- Location of the Bonanza Mountain Estates CDP in Boulder County, Colorado
- Coordinates: 39°58′37″N 105°28′46″W﻿ / ﻿39.97694°N 105.47944°W
- Country: United States
- State: Colorado
- County: Boulder

Government
- • Type: Unincorporated community
- • Body: Boulder County

Area
- • Total: 0.168 sq mi (0.436 km^{2})
- • Land: 0.168 sq mi (0.436 km^{2})
- • Water: 0 sq mi (0.000 km^{2})
- Elevation: 8,449 ft (2,575 m)

Population (2020)
- • Total: 127
- • Density: 754/sq mi (291/km^{2})
- Time zone: UTC−07:00 (MST)
- • Summer (DST): UTC−06:00 (MDT)
- ZIP Code: Nederland 80466
- Area codes: 303/720/983
- GNIS town ID: 2583214}
- FIPS code: 08-07580

= Bonanza Mountain Estates, Colorado =

Census-designated place in Boulder County, Colorado, United States

Bonanza Mountain Estates is an unincorporated community and a census-designated place (CDP) located in Boulder County, Colorado, United States. The CDP is a part of the Boulder, CO Metropolitan Statistical Area. The population of the Bonanza Mountain Estates CDP was 127 at the United States Census 2020. The Nederland post office (Zip Code 80466) serves the area.

==Geography==
The CDP is a residential community located in southern Boulder County in the Front Range of the Colorado Rocky Mountains, just east of the town of Nederland.
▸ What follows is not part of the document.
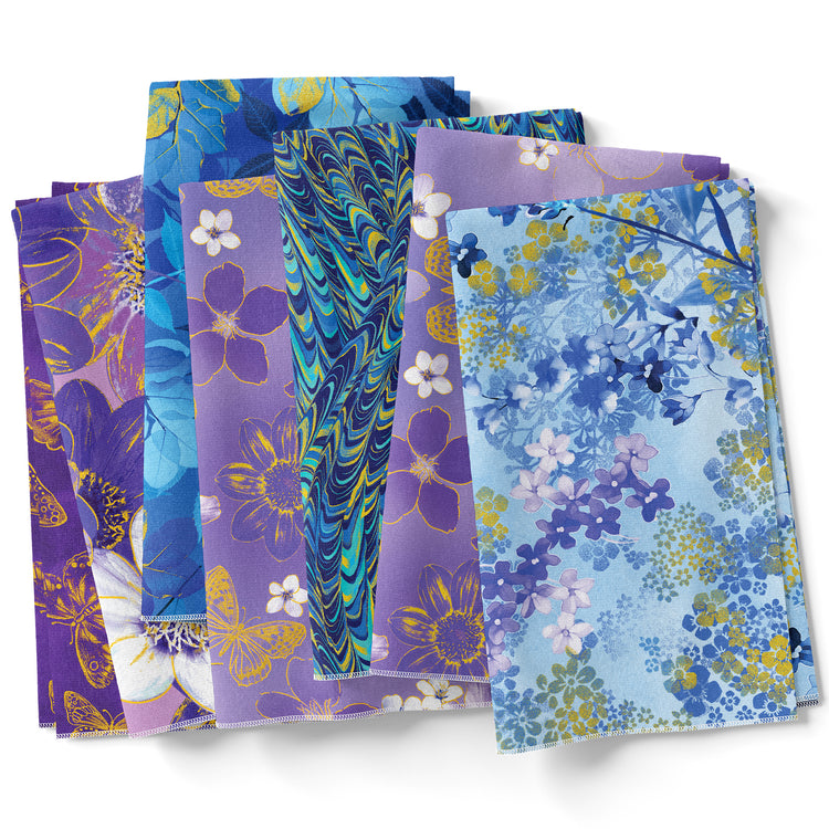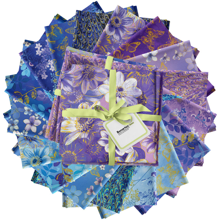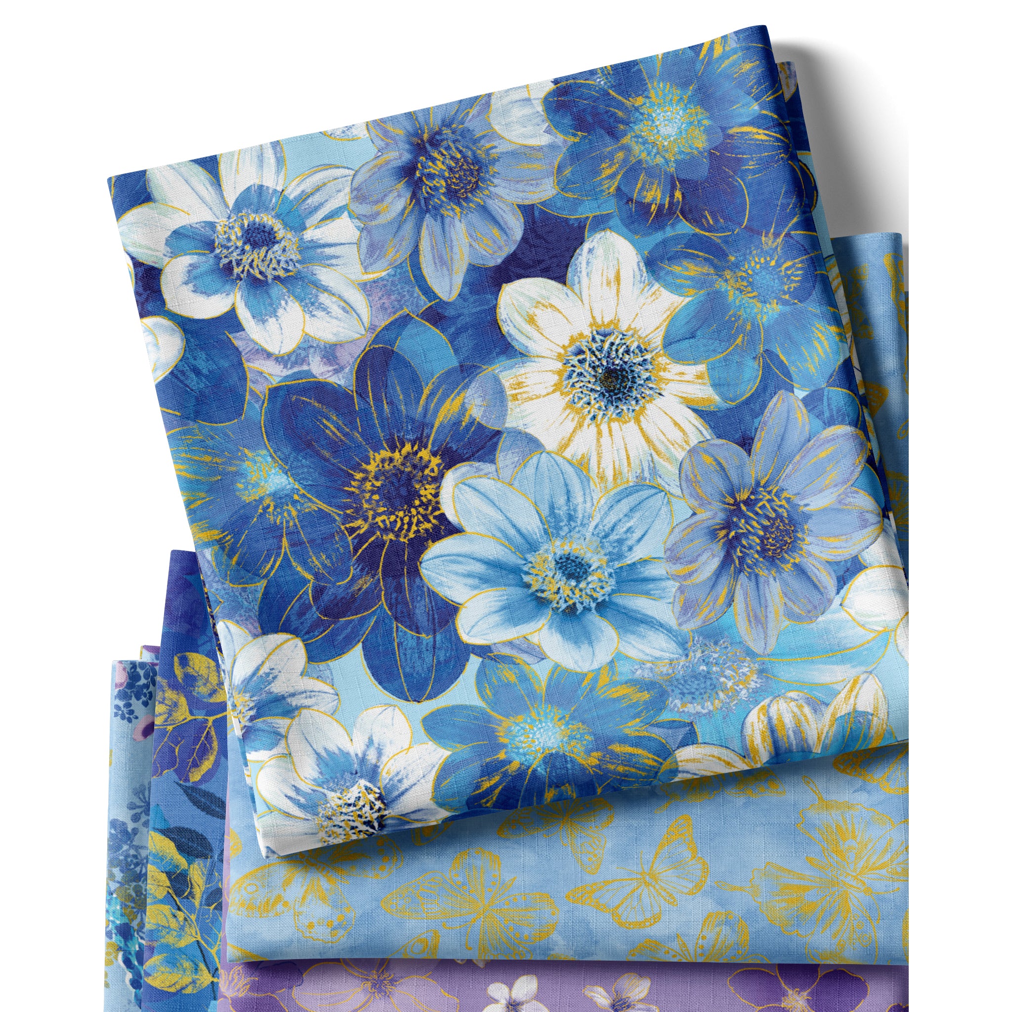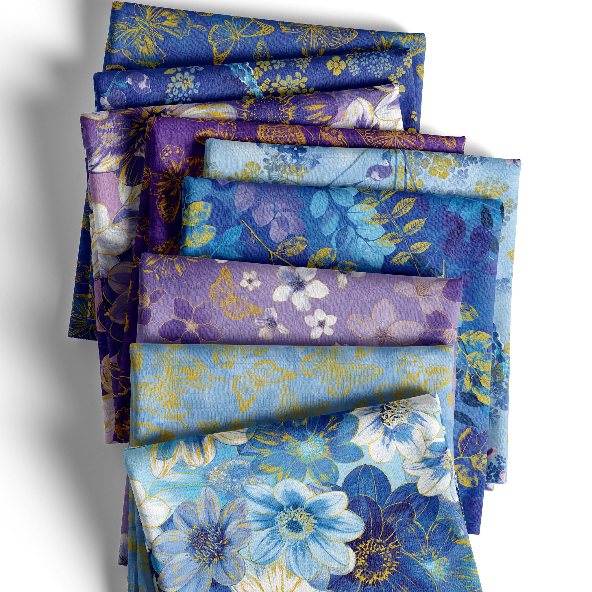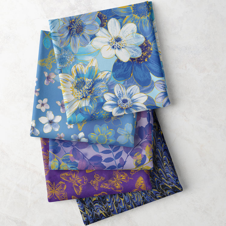 The Metallic Impressions fabric collection by Kanvas Studio for Benartex is a luminous celebration of florals, butterflies, and botanicals—all kissed with elegant metallic gold detailing. Printed on 100% cotton and measuring approximately 44" wide, these fabrics shimmer in shades of lilac, cobalt, and cerulean, delivering an ethereal quality that elevates any sewing or quilting project. At the heart of the collection is a bold floral cascade print, perfect as a focal point in quilts or even transformed into a stunning skirt. Surrounding it are coordinating designs in a range of scales, from delicate blossoms and leafy silhouettes to graceful butterflies and rich marble textures. Each print is thoughtfully accented with touches of gold that glint beautifully in the light, giving the entire collection a sense of sophistication and magic.

It is situated on a ridge between Middle Boulder Creek and North Boulder Creek. Ridge Road is the main street through the community, leading west to Nederland and east to St. Ann Highlands.

At the 2020 United States Census, the Bonanza Mountain Estates CDP had an area of 0.436 km2, all land.

==Demographics==
The United States Census Bureau initially defined the Bonanza Mountain Estates CDP for the United States Census 2010.